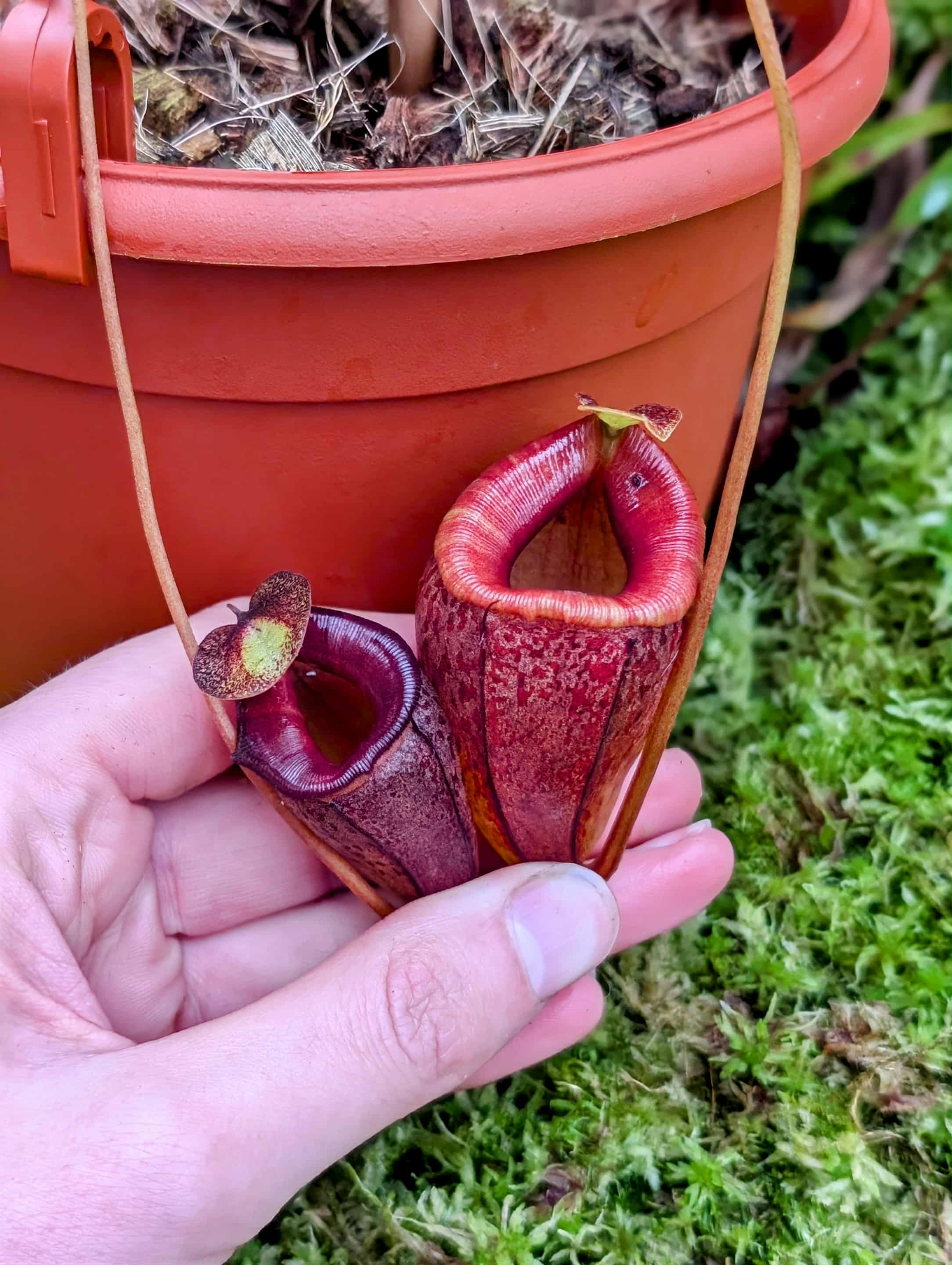 A delicate yet striking hybrid combining the slender elegance of N. tenuis with the vibrant colors and classic pitcher form of N. flava.
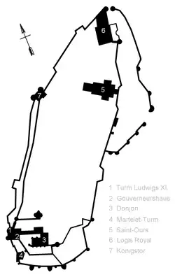 A quatrocentista Casa do Governador está ligada à Torre Luís XI na sua extremidade sul. O grande salão do edifício é agora usado para exposições.
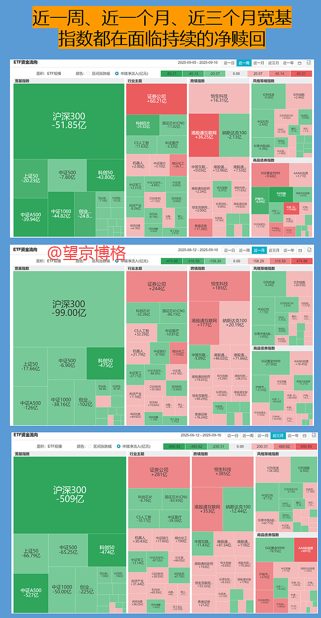 博格把近一周、近一个月、近三个月ETF净申赎数据汇总跑了一下,结果挺有意思:沪深300ETF近三个月净赎回509亿,近一个月净赎回99亿,近一周净赎回52亿,说明有400亿沪深300ETF的规模是一个月前赎回的。科创50ETF近三个月赎回474亿,近一个月净赎回475亿,近一周净赎回44亿,说明有430亿科创50ETF的规模是近一个月赎回的。结果很清晰,这些规模都是在这些指数涨幅最大的时候被赎回的。大概率不是国家队所为,而是之前定投抄底的投资者,回本了或者赚钱了开始止盈了,历史上基本都是这样。无论如何宽基指数ETF基本都是被大规模赎回的,赎回的资金也没有跑,而是进入证券公司、人工智能、机器人等细分赛道,另外港股ETF在持续净申购了,而且规模很大。现在人工智能、机器人累计涨幅不小了,资金又开始止盈了。接下来是不是该港股大涨了? 关注博格,我们来持续更新这个ETF净申赎数据。
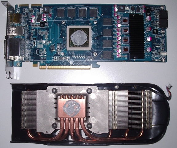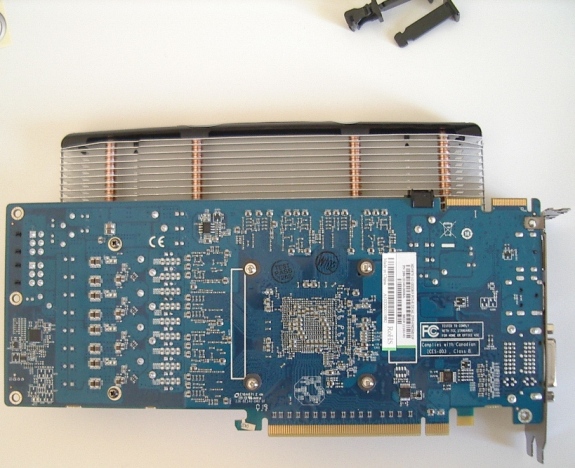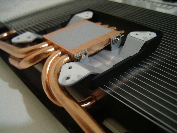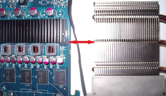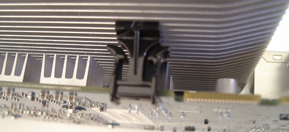 Bu soğutucunun en önemli handikapı, mosfet soğutucusu üzerine yeterince hava üfleyememesi. Alttaki resimde de görüldüğü üzere, mosfet soğutucusu üzerine kadar finlerin arası kapalı ve hava akımı, mosfetten sonra PCB üzerine geliyor. Kartın kendi soğutucusuyla en fazla ısınan yeri, bu mosfetler.
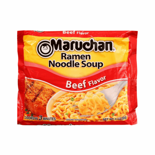 - Ramen Noodle Ingredients: Enriched Wheat Flour (Wheat Flour, Niacin, Reduced Iron, Thiamine Mononitrate, Riboflavin, Folic Acid), Vegetable Oil (contains one or more of the following: Canola, Cottonseed, Palm) preserved by TBHQ, contains less than 1% of: Salt, Soy Sauce (Water, Wheat, Soybeans, Salt), Potassium Carbonate, Sodium (Mono, Hexameta, and/or Tripoly) Phosphate, Sodium Carbonate, Turmeric.Soup Base Ingredients: Salt, Sugar, contains less than 1% of: Maltodextrin, Monosodium Glutamate, Caramel Color, Dehydrated Soy Sauce (Wheat, Soybeans, Salt), Spices, Beef Fat, Lactose, Hydrolyzed Corn, Wheat and Soy Protein, Yeast Extract, Dehydrated Vegetables (Garlic, Onion, Chive), Natural Flavor, Disodium Inosinate, Disodium Guanylate.
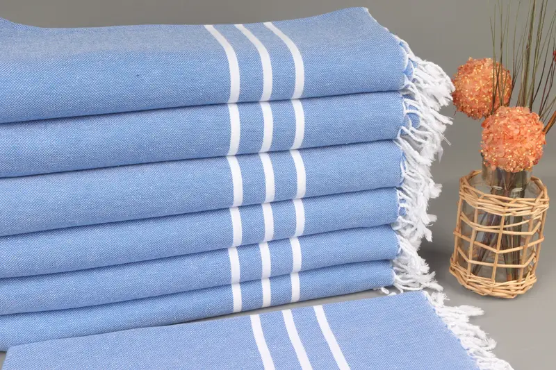 Organik pamuk ipliği bu plaj havlularının karakteristik özelliği olup dayanıklılık ve yumuşaklık sağlar. 40x71 inç (100x180 cm) ölçülerinde ve 2 inç (5 cm) toleransla ağırlığı 430 gramdır. El dokuma, hassas kişiselleştirmeye olanak tanıyarak benzersiz bir ürün sağlar.
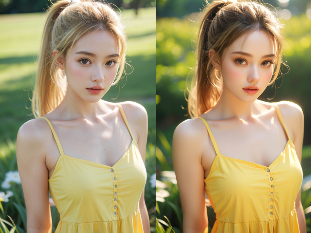 上面两幅图片的生成参数一样,尺寸也一样,但右边一幅图片相较于左面图片的画面质感,特别是人像皮肤的质感上有很大的提升,看上去更加细腻有层感。

= TASK ITEM =
What is needed is a word-for-word copy of the lines from the start of the data to the line with "Organik pamuk ipliği", inclusive, with no pictures in it.

= SOLUTION =
 A delicate yet striking hybrid combining the slender elegance of N. tenuis with the vibrant colors and classic pitcher form of N. flava.
 A quatrocentista Casa do Governador está ligada à Torre Luís XI na sua extremidade sul. O grande salão do edifício é agora usado para exposições.
 博格把近一周、近一个月、近三个月ETF净申赎数据汇总跑了一下,结果挺有意思:沪深300ETF近三个月净赎回509亿,近一个月净赎回99亿,近一周净赎回52亿,说明有400亿沪深300ETF的规模是一个月前赎回的。科创50ETF近三个月赎回474亿,近一个月净赎回475亿,近一周净赎回44亿,说明有430亿科创50ETF的规模是近一个月赎回的。结果很清晰,这些规模都是在这些指数涨幅最大的时候被赎回的。大概率不是国家队所为,而是之前定投抄底的投资者,回本了或者赚钱了开始止盈了,历史上基本都是这样。无论如何宽基指数ETF基本都是被大规模赎回的,赎回的资金也没有跑,而是进入证券公司、人工智能、机器人等细分赛道,另外港股ETF在持续净申购了,而且规模很大。现在人工智能、机器人累计涨幅不小了,资金又开始止盈了。接下来是不是该港股大涨了? 关注博格,我们来持续更新这个ETF净申赎数据。
 Bu soğutucunun en önemli handikapı, mosfet soğutucusu üzerine yeterince hava üfleyememesi. Alttaki resimde de görüldüğü üzere, mosfet soğutucusu üzerine kadar finlerin arası kapalı ve hava akımı, mosfetten sonra PCB üzerine geliyor. Kartın kendi soğutucusuyla en fazla ısınan yeri, bu mosfetler.
 - Ramen Noodle Ingredients: Enriched Wheat Flour (Wheat Flour, Niacin, Reduced Iron, Thiamine Mononitrate, Riboflavin, Folic Acid), Vegetable Oil (contains one or more of the following: Canola, Cottonseed, Palm) preserved by TBHQ, contains less than 1% of: Salt, Soy Sauce (Water, Wheat, Soybeans, Salt), Potassium Carbonate, Sodium (Mono, Hexameta, and/or Tripoly) Phosphate, Sodium Carbonate, Turmeric.Soup Base Ingredients: Salt, Sugar, contains less than 1% of: Maltodextrin, Monosodium Glutamate, Caramel Color, Dehydrated Soy Sauce (Wheat, Soybeans, Salt), Spices, Beef Fat, Lactose, Hydrolyzed Corn, Wheat and Soy Protein, Yeast Extract, Dehydrated Vegetables (Garlic, Onion, Chive), Natural Flavor, Disodium Inosinate, Disodium Guanylate.
 Organik pamuk ipliği bu plaj havlularının karakteristik özelliği olup dayanıklılık ve yumuşaklık sağlar. 40x71 inç (100x180 cm) ölçülerinde ve 2 inç (5 cm) toleransla ağırlığı 430 gramdır. El dokuma, hassas kişiselleştirmeye olanak tanıyarak benzersiz bir ürün sağlar.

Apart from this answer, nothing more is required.